In 1925 Oklahoma A&M College was a fledgling in the world of universities and statistics was newborn among academic disciplines. Although the word statistics appeared for the first in the Encyclopedia Britannica in 1797 (See Boorstin[1]), statistics as an academic discipline had not advanced very far by 1900. True, Karl Pearson had lectured on statistics at Gresham College, London from 1890 to 1893 and at University College, London from 1894 to 1896. Pearson had established the Biometrics laboratory in 1895 and with Francis Galton had established the journal Biometrika in 1901.
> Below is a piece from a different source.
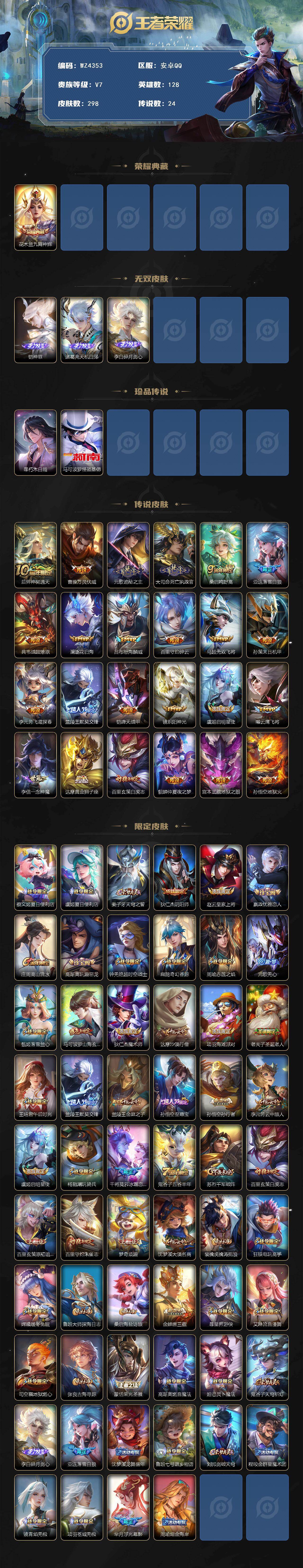 【WZ4353】贵族7/皮肤298/典藏1/传说24/史诗92/英雄128/孙权全皮/大司命全皮/金蝉全皮/花木兰-九霄神辉/铠神罪/诸葛亮天机白泽/李白-碎月剑心/暃朽木白哉/马可波罗-怪盗基德/后羿神树通天/曹操万灵伏威/元歌诡秘之主/大司命死亡执政官/桑启-鸣野蒿/亚连-落雪白狼/典韦-战鼓燎原/澜-逐花归海/吕布-怒海麟威/百里守约-碎云/马超-无双飞将/孙策-末日机甲/李元芳-飞鸢探春/兰陵王-默契交锋/铠-绛天战甲/镜-炽阳神光/虞姬-启明星使/曜-云鹰飞将/李信-一念神魔/达摩-黄

Upon the death of Francis Galton in 1911, Pearson accepted the Galton Chair of Eugenics at the bequest of Galton. In the same year he established a new department, the Department of Applied Statistics at University College. During the war years of World War I there was a suspension of progress in Pearson’s department but with the end of the war he set about trying to make mathematics useful to researchers on campus. This led him to the teaching of statistics and the first statistics course in the Mathematics Department was offered in 1914-1915.


In the early 1920’s Snedecor began a collaboration with Henry A. Wallace, editor of Wallace’s Farmer in Des Moines, Iowa. In the spring of 1924 Snedecor and Wallace organized a Saturday afternoon seminar for faculty members to study statistical methods. From these Saturday afternoon seminars came the publication in 1925 of Correlation and Machine Calculation by Wallace and Snedecor.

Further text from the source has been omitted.